- Instructions to follow -
Where the records below show a line containing "FC Rüthi: Hallauer;", start copying; end with the line containing "This 2 bedroom", and copy it too.

- Material provided -
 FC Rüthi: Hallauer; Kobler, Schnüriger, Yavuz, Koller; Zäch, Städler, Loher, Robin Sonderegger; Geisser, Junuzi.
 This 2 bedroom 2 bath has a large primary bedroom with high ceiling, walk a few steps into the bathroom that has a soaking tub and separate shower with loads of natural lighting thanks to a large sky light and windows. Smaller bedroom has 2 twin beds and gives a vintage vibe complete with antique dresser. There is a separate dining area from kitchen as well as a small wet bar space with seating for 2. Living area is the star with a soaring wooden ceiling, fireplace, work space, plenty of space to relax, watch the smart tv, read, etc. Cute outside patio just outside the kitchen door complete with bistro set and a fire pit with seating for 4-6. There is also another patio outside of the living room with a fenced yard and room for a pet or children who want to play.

==

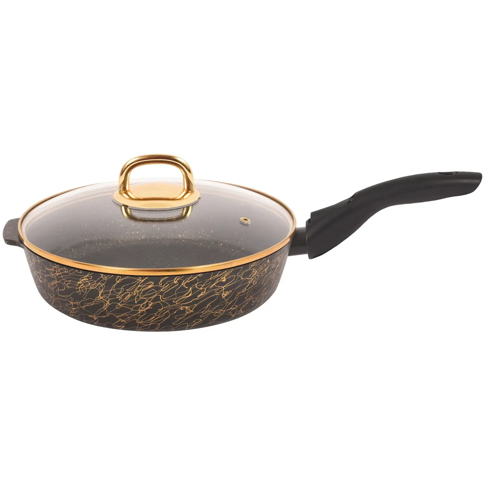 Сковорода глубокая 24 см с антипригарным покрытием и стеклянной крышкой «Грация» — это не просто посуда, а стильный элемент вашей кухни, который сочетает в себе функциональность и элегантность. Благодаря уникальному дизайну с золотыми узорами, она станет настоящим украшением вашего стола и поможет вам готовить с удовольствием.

- Answer to the exercise -
 FC Rüthi: Hallauer; Kobler, Schnüriger, Yavuz, Koller; Zäch, Städler, Loher, Robin Sonderegger; Geisser, Junuzi.
 This 2 bedroom 2 bath has a large primary bedroom with high ceiling, walk a few steps into the bathroom that has a soaking tub and separate shower with loads of natural lighting thanks to a large sky light and windows. Smaller bedroom has 2 twin beds and gives a vintage vibe complete with antique dresser. There is a separate dining area from kitchen as well as a small wet bar space with seating for 2. Living area is the star with a soaring wooden ceiling, fireplace, work space, plenty of space to relax, watch the smart tv, read, etc. Cute outside patio just outside the kitchen door complete with bistro set and a fire pit with seating for 4-6. There is also another patio outside of the living room with a fenced yard and room for a pet or children who want to play.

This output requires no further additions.